[Novalug] regexp problem in perl
Bonnie Dalzell
bdalzell at qis.net
Tue Aug 31 19:24:51 EDT 2010
If anyone has the time to help me and the experience with regexps in perl
I have a problem that I have not been able to solve using web searches
and a day's worth of experimentation.
it involves extracting a variable number of digits from the middle of a
line of text.
sometimes there will be 6 digits, sometimes 7 sometimes 8 sometimes 9
I have a regexp that works over a range of two different number of digits
(such as 7 or 8) but it fails with a wider range.
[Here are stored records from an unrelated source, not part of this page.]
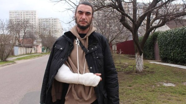 Геннадий рассказал нам то же, о чем коротко сообщил в видеообращении: в понедельник он прогуливался с собакой под домом на улице Костанди. Подлетел микроавтобус, люди в военной форме попросили предъявить документы. Он показал свое удостоверение инвалида войны, но его попытались силой затащить в микроавтобус. Во время попытки похищения ему сломали правую руку, после чего просто выбросили из транспорта и оставили на дороге. Он вызвал скорую, которая отвезла его в больницу, где ему наложили гипс.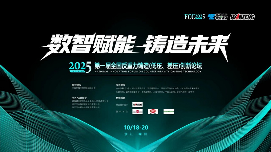 10月18-20日,第一届全国反重力铸造(低压、差压)创新论坛在浙江嵊州成功召开,本次会议由中国机械工程学会铸造分会指导,武汉产研院权属企业特种铸造及有色合金杂志社(武汉)有限公司、浙江万丰科技开发股份有限公司、浙江万丰轻合金研究院有限公司共同主办、承办。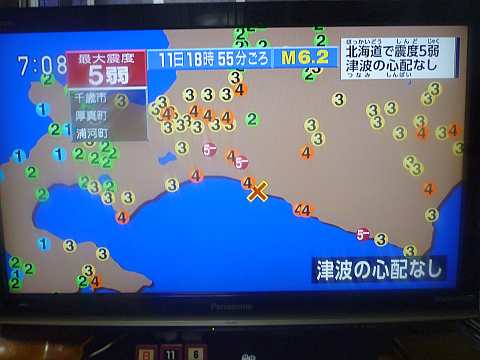 7時過ぎ、北海道で地震。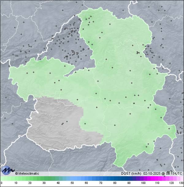 01-10-2025 | | Máx. | Mín. | | Temperatura | 19,4 | 1,2 | °C | Humedad | 97 | 41 | % | Viento | 11 | n/a | km/h | Precipitación | 0,0 | mm |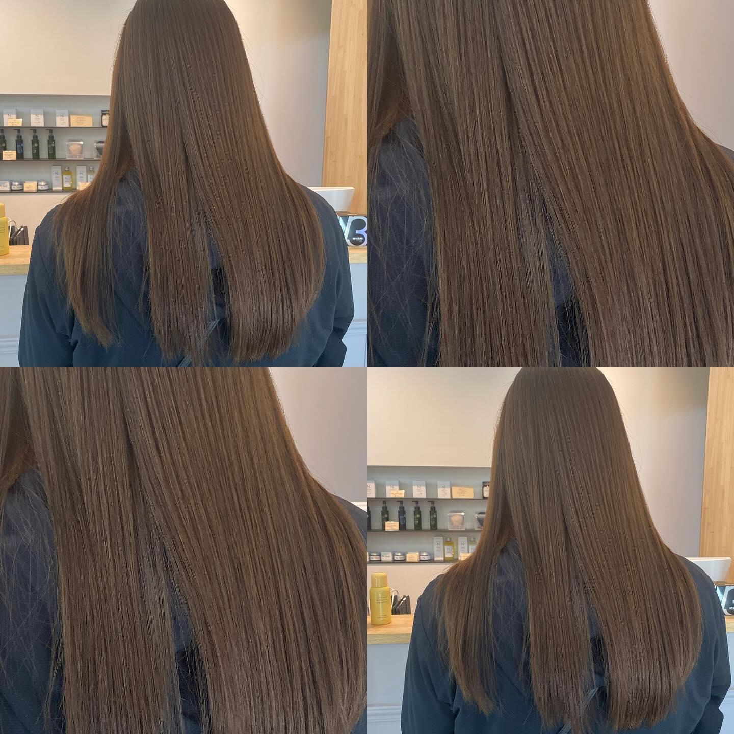 ブリーチなしカラー 明るめベージュ 明るめグレージュ 明るめカラー グレージュ ロングヘア 古河サロン アウラ アウラヘアサロン

the input is line is from an online dog show catalog
1 ||46|ATTAWAY-KINOBI SPRING FEVER. HM 82485718. 04-09-99
2dump--|----dog name---------------| |regnumber-| |-birth-|
the dog name can have different non-alpha characters as well as letters:
hyphens, ampersands, single quotes.
sometimes the date of birth is in a format like: 02/03/00 or 02\03\00
rather than the hyphen format 02-03-00.
this regexp works if there are only 7 or 8 numbers in regnumber:
if(
$line=~m/(\|.*)(\|)(.*)(\w{2}.*\d{7,8}\w*).(\s\d\d[\W|-]{1}\d\d[\W|-]{1}\d\d)/
){
yields:
$1 ||46 - to be ignored
$2 | -to be ignored
$3 ATTAWAY-KINOBI SPRING FEVER. = $name
$4 HM 82485718 = $regnumber
$5 04-09-99 = $birthday
if I try to give a range of numbers by doing:
\d{6,9} it fails.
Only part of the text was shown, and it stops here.